A shake of the head. "Just a scratch. I'm waiting for my uncle."
"More than one scratch?" Yoon finds himself sitting down, at a respectful distance, beside the not-beggar.
A sigh, a nod. "More than one scratch."
"Can I ask your name?" (This is ministry, isn't it? The unknown. The blood. Reaching past it.)
"You could." This brings another smile. "Sang Pil. It's Sang Pil. And you are…Father Michael? All the chosen Latin names seem to be Michael."
It's Yoon turn to shake his head. "Mateo, he says. My given name is Yoon."
Sang Pil considers this, and then says, "Since you're here, I have a question. A priest wouldn't answer it, but you might."
Yoon waits.
Sang Pil smirks all the way up to his eyebrows, as if he is hiding something.
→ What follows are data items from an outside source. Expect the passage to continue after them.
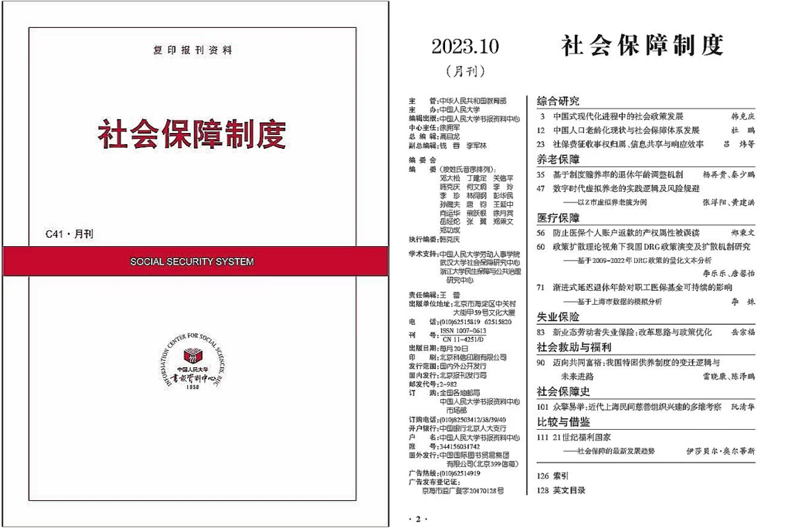 雷晓康在《中国高校社会科学》2023年第1期上发表的题为《数字赋能第三支柱养老保险发展探析》被《新华文摘》(网络版)2023年第12期全文转载。该论文认为,完善“三支柱”养老保险体系,是我国养老保险制度的优化目标之一,数字化、信息化等高速发展为推动第三支柱养老保险的发展提供了新的机遇,数字赋能通过打通三支柱养老保险产品、广泛开展公众养老投资教育、规范个人养老金市场、建立简易投资模式等方式,能够更好推动第三支柱养老保险高速发展。
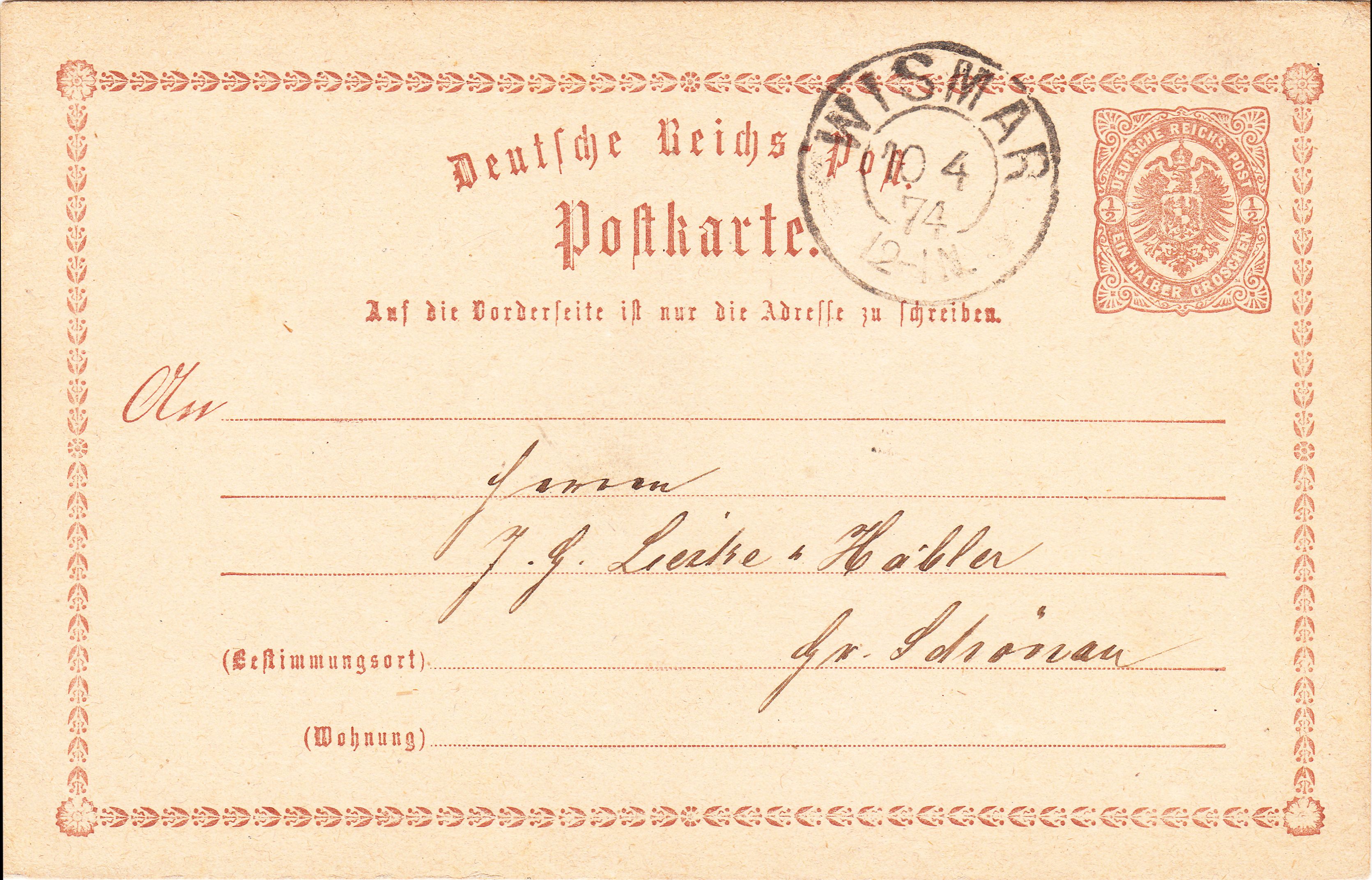 Diese Ganzsache MiNr. P 1 wurde am 10.04.1874 entwertet per Zweikreisstempel WISMAR:
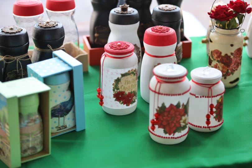 Lilian Gauto, es otra de las artesanas que se encuentra exhibiendo sus productos, es de Asunción y cuenta con un emprendimiento familiar denominado “Tienda Emanuel Innovaciones”, que se inició hace más de tres años, elaboran varios productos a partir de la reutilización de frascos y botellas de vidrio con un toque artístico moderno y de utilidad variada.
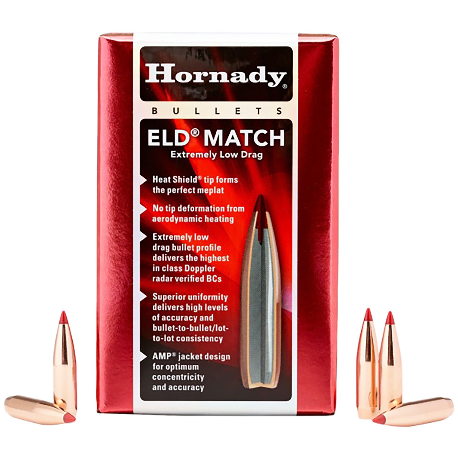 ELD Match (Extremely Low Drag Match) bullets are technologically advanced, enhanced accuracy target bullets featuring Heat Shield tips with the PERFECT MEPLAT (tip point) combined with numerous design features that deliver the highest-in-class ballistic coefficients, superior accuracy and extreme consistency from bullet to bullet.
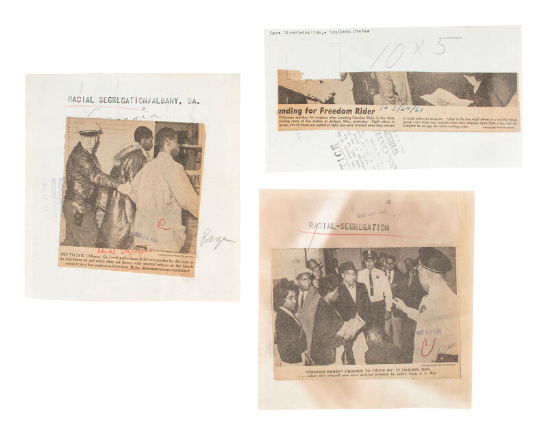[CIVIL RIGHTS]. A group of 3 press photographs documenting Freedom Riders in Jackson, MS, and Albany, GA. May-December 1961.
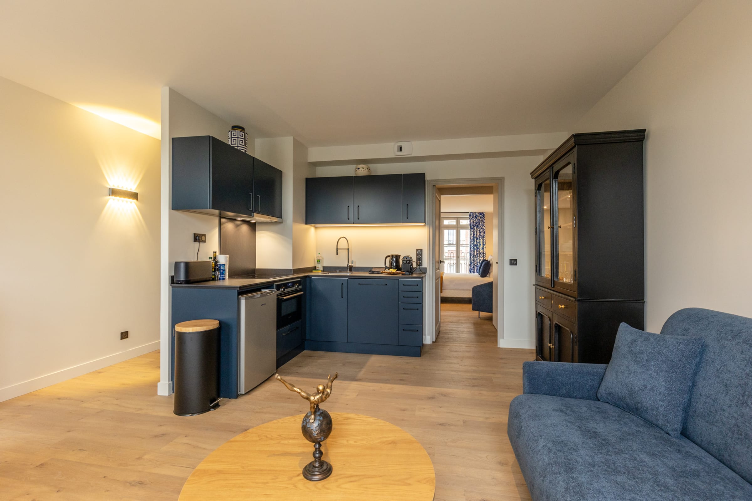 The apartment has a beautiful living room with air conditioning and electric fireplace, top quality convertible sofa, dining room, fully equipped American kitchen (kettle, toaster, Nespresso, oven, microwave, refrigerator, freezer, washing machine). dishes),
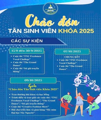 Bước vào năm học mới 2025 – 2026, Trường Đại học Tây Nguyên chào đón tân sinh viên bằng chuỗi sự kiện sôi động, sáng tạo và đầy sắc màu, tạo không gian gắn kết, lan tỏa tinh thần trẻ trung, khởi đầu hành trình tri thức mới. Với tinh thần chu đáo – sáng tạo – gắn kết, Trường Đại học Tây Nguyên, dưới sự chỉ đạo của Ban Giám hiệu và sự phối hợp tổ chức của Đoàn Thanh niên – Hội Sinh viên, đã chuẩn bị một chuỗi hoạt động hấp dẫn, sôi nổi và mang đậm dấu ấn tuổi trẻ để chào đón tân sinh viên khóa 2025 đến với “ngôi nhà chung” TNU. Các chương trình như Freshmen Vocal Challenge, The Grand Dance, Creative Fashion Show hay Sứ giả truyền thông tạo nên sân chơi bổ ích, nơi các bạn trẻ được thỏa sức thể hiện tài năng ca hát, nhảy múa, trình diễn thời trang tái chế và khả năng lan tỏa thông điệp tích cực trên mạng xã hội.

At least, Yoon knows he is probably hiding something because Yoon is hiding something, or hiding himself, a good deal of the time. Then Sang Pil asks, "Is your God a god of vengeance?"
.
When the black car has rolled up and rolled away, taking a cheerful Sang Pil with it, Yoon will reenter the church and tell Father Anselm that the beggar is gone. He will light the candles, say his prayers, and sleep as he always sleeps—which is to say, lightly, and with his ear turned to the door.
He will never see Sang Pil again, will not follow him to Gisung or beyond.
Yoon's path is backwards, and forwards, and away.
(He will pray for him.)
.
"He isn't," is what Mateo (Yoon) answers. "Not anymore." And he thinks he means the gentling of salvation, the shift from Old Testament to New. But Sang Pil nods.
"Ah," he says. "So we go where he can't follow."
The chill that falls over Mateo is not out of fear of this stranger, but of fear for him. And maybe, a little for himself. "I don't think so," he says. "I don't believe that vengeance can bring anything back."